Generative Speech Recognition Error Correction with Large Language Models and Task-Activating Prompting
Chao-Han Huck Yang, Yile Gu, Yi-Chieh Liu, Shalini Ghosh, Ivan Bulyko, Andreas Stolcke
TL;DR
The paper addresses improving ASR output by using large language models as post-processors for rescoring and error correction without full fine-tuning. It introduces two pipelines: Pipeline 1 combines LLM-driven error correction with a standard rescoring model, while Pipeline 2 uses Task-Activating Prompting (TAP) to prompt frozen LLMs to perform rescoring directly, leveraging zero-/few-shot in-context learning. The study compares multiple prompting strategies, including zero-shot domain hints and chain-of-thought reasoning, as well as a Hypotheses-to-Transcription loss to enable limited fine-tuning with adapters, showing that LLMs can outperform domain-tuned LMs on ATIS and WSJ when properly prompted. Findings indicate that larger models (e.g., InstructGPT) with TAP and reasoning prompts yield substantial WER reductions, with additional gains from few-shot demonstrations and parameter-efficient adapters; even without fine-tuning, the LLMs demonstrate strong generalization, though results remain below the N-best oracle. The work highlights the practical potential of cloud-based LLM post-processing for ASR and opens paths to further improvements by integrating acoustic representations into LLMs.
Abstract
We explore the ability of large language models (LLMs) to act as speech recognition post-processors that perform rescoring and error correction. Our first focus is on instruction prompting to let LLMs perform these task without fine-tuning, for which we evaluate different prompting schemes, both zero- and few-shot in-context learning, and a novel task activation prompting method that combines causal instructions and demonstration to increase its context windows.
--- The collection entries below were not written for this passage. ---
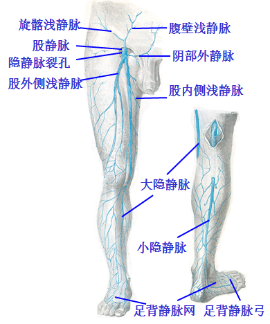 大隐静脉是全身最长的浅静脉,起自足背静脉弓内侧缘,经内踝前方上行注入股静脉,其末端收纳股内侧浅静脉、股外侧浅静脉、腹壁浅静脉、旋髂浅静脉和阴部外静脉,是下肢静脉曲张的好发部位。
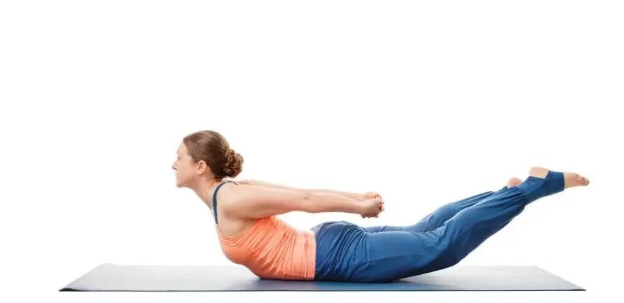俯卧,双腿打开与髋同宽。在呼气的同时抬胸腔(背部发力),双腿向上,双手臂向后向上伸展,掌心相对。
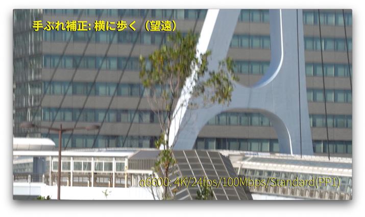 極端な例のため実際にこのようなシチュエーションで撮影をすることはないと思いますが、歩きながらの撮影で最大望遠にするとさすがにガクガクと揺れた映像になってしまいました
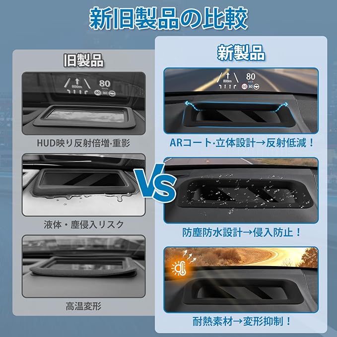 3.【耐高温ABS樹脂・防塵防水設計】:本製品のフレームは耐高温ABS樹脂を採用しており、優れた耐久性で長時間の使用にも耐えます。さらに表面には艶消し塗装を施しているため、フロントガラスへの反射を大幅に低減。完全防塵・防水設計により、水の侵入やホコリの付着を防ぎ、画面の視認性を維持します。汚れても、簡単に拭き取れるのでメンテナンスも楽々です。
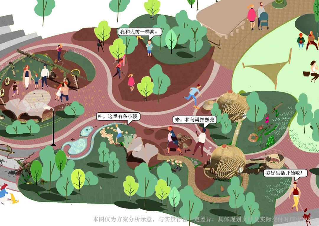 围合空间打造的雨林乐园,让孩子们在自然里攀爬、玩沙坑、钻洞,与小伙伴一起观察自然环境的变化;在松果营地里,亲子与自然的互动探索,不仅寓教于乐,更共享亲密时光。
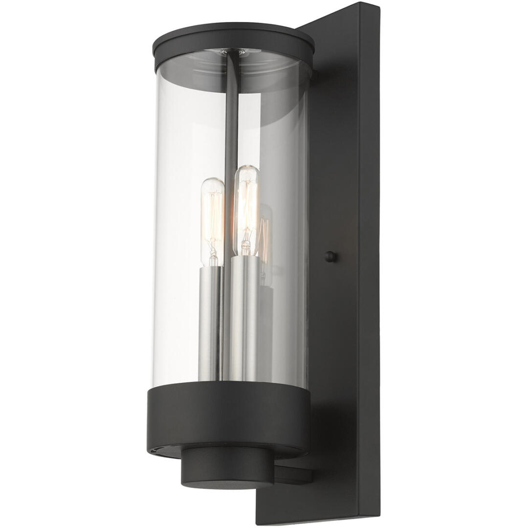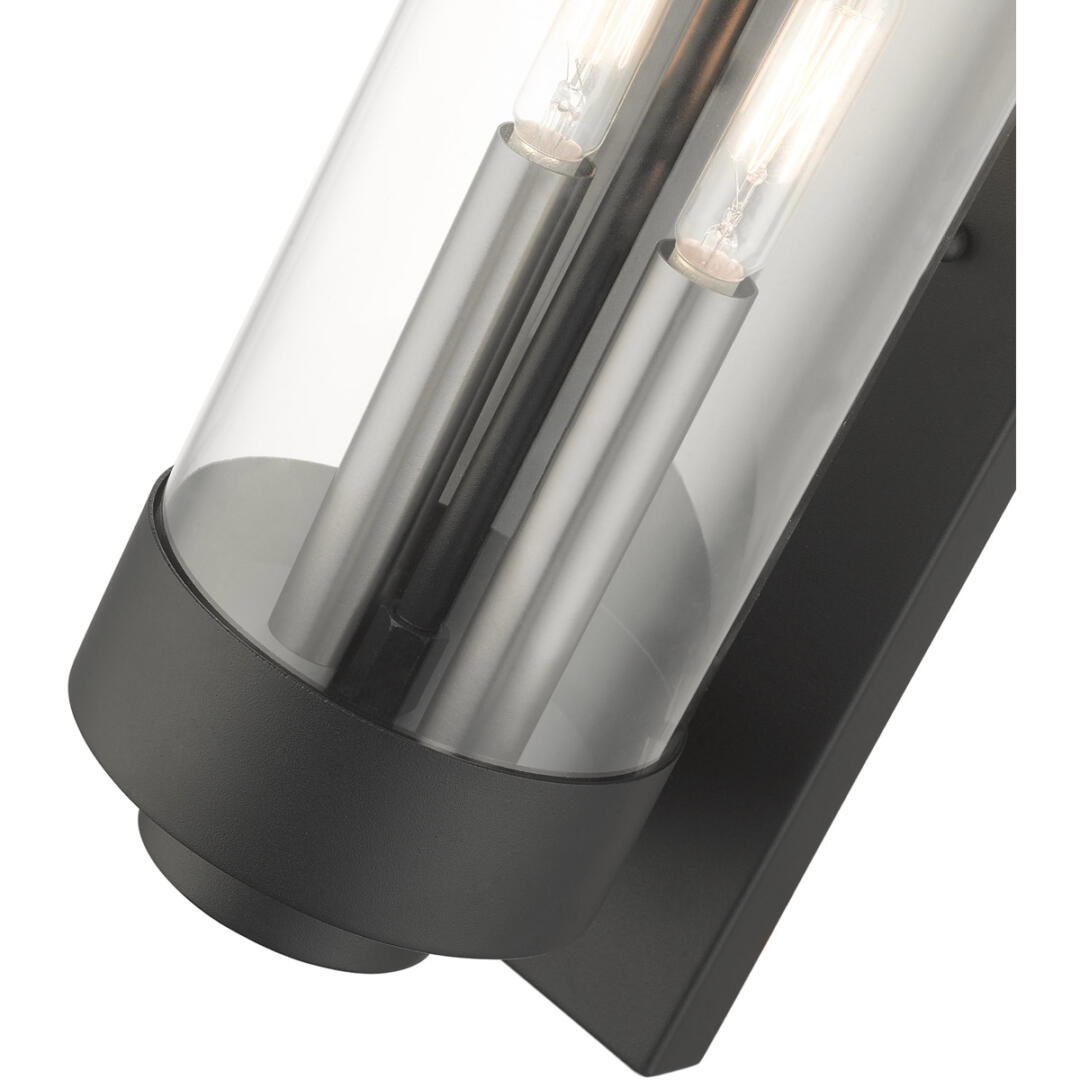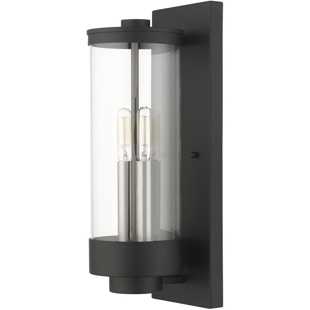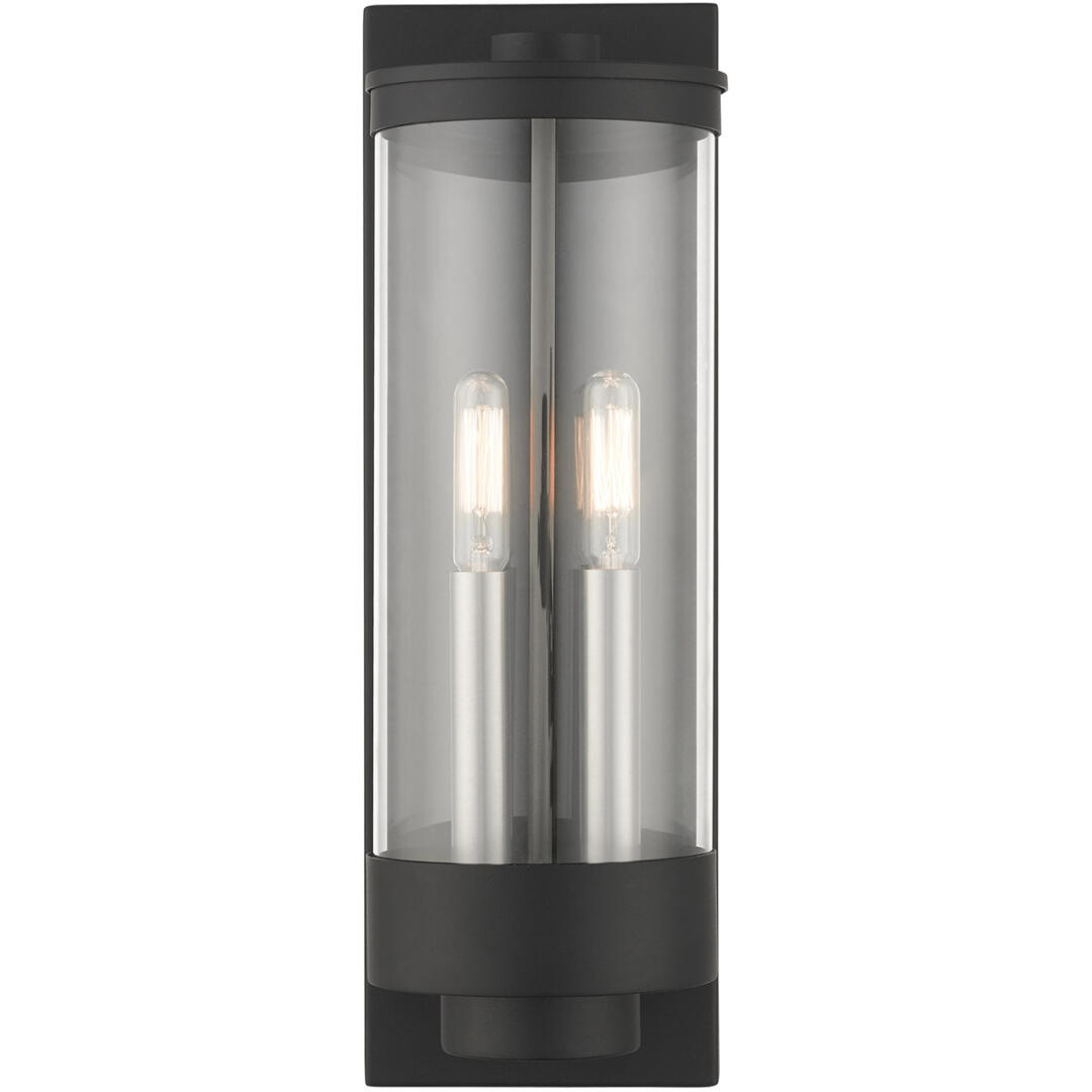 The medium two-light outdoor hand crafted wall lantern from the Hillcrest collection is made of rugged stainless-steel and features a simple yet elegant textured black finish frame paired with a closed top clear glass shade and is accented by brushed nickel candles. The glass shade is topped off with a textured black ring accent to carry through the theme of the finely crafted design. Use indoors or outdoors, this piece complements modern, nautical, contemporary or urban homes.
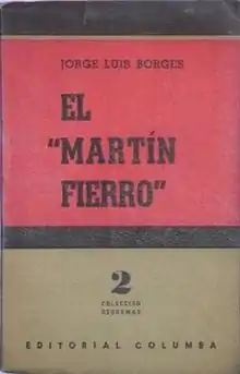 Borges on Martín Fierro concerns Argentinian Jorge Luis Borges's comments on José Hernández's nineteenth-century poem Martín Fierro. Like most of his compatriots, Borges was a great admirer of this work, which he often characterized as the one clearly great work in Argentine literature. Because Martín Fierro has been widely considered (beginning with Leopoldo Lugones's El Payador, 1916) the fountainhead or pinnacle of Argentine literature, Argentina's Don Quixote or Divine Comedy, and because Borges was certainly Argentina's greatest twentieth-century writer, Borges's 1953 book of essays about the poem and its critical and popular reception–El "Martín Fierro" (written with Margarita Guerrero)—gives insight into Borges's identity as an Argentine.
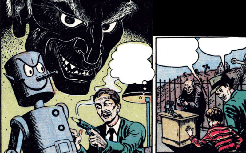 Entre los veinticuatro relatos que esperan en las 184 páginas que conforman el volumen podemos destacar varios relatos como muestra de la potencia terrorífica que había en las páginas de la revista. Sirva, como primera muestra, «El juguete de Satanás»(“Satan´s Plaything”), donde somos testigos de cómo el mal toma la forma de un objeto inofensivo, desencadenando una serie de eventos que desafían toda lógica. Esta historia juega con la idea de que el mal puede acechar en las esquinas más inesperadas de nuestras vidas, llevándonos a un viaje perturbador a medida que los personajes luchan por entender y vencer a este juguete endemoniado. Para ver su repercusión a nivel popular, podemos poner un ejemplo claro de la influencia de este relato, que no es otro que el episodio de la serie de «los Simpsons» que lleva por título “Treehouse of Horror”.
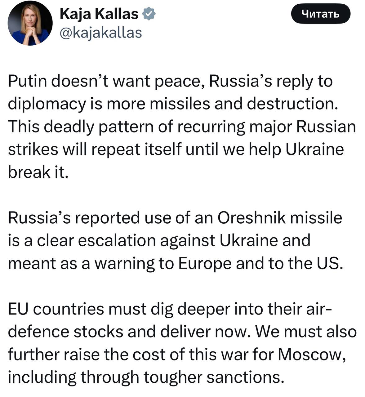 Глава т.н. «европейской дипломатии» Кая Каллас назвала «эскалацией» российское возмездие и призвала поставить все запасы европейских ПВО украинской хунте. Специально для Каллас: ни одно государство в мире не имеет не только аналогов таких сверхмощных гиперзвуковых ракет, но и систем ПВО, способных сбить или перехватить «Орешник». И да, это предупреждение для неонацистского киевского режима, который не оставляет попыток государственного террора. И да, это предупреждение и для «партии войны».

Next, we show that rescoring only by in-context learning with frozen LLMs achieves results that are competitive with rescoring by domain-tuned LMs, using a pretrained first-pass recognition system and rescoring output on two out-of-domain tasks (ATIS and WSJ). By combining prompting techniques with fine-tuning we achieve error rates below the N-best oracle level, showcasing the generalization power of the LLMs.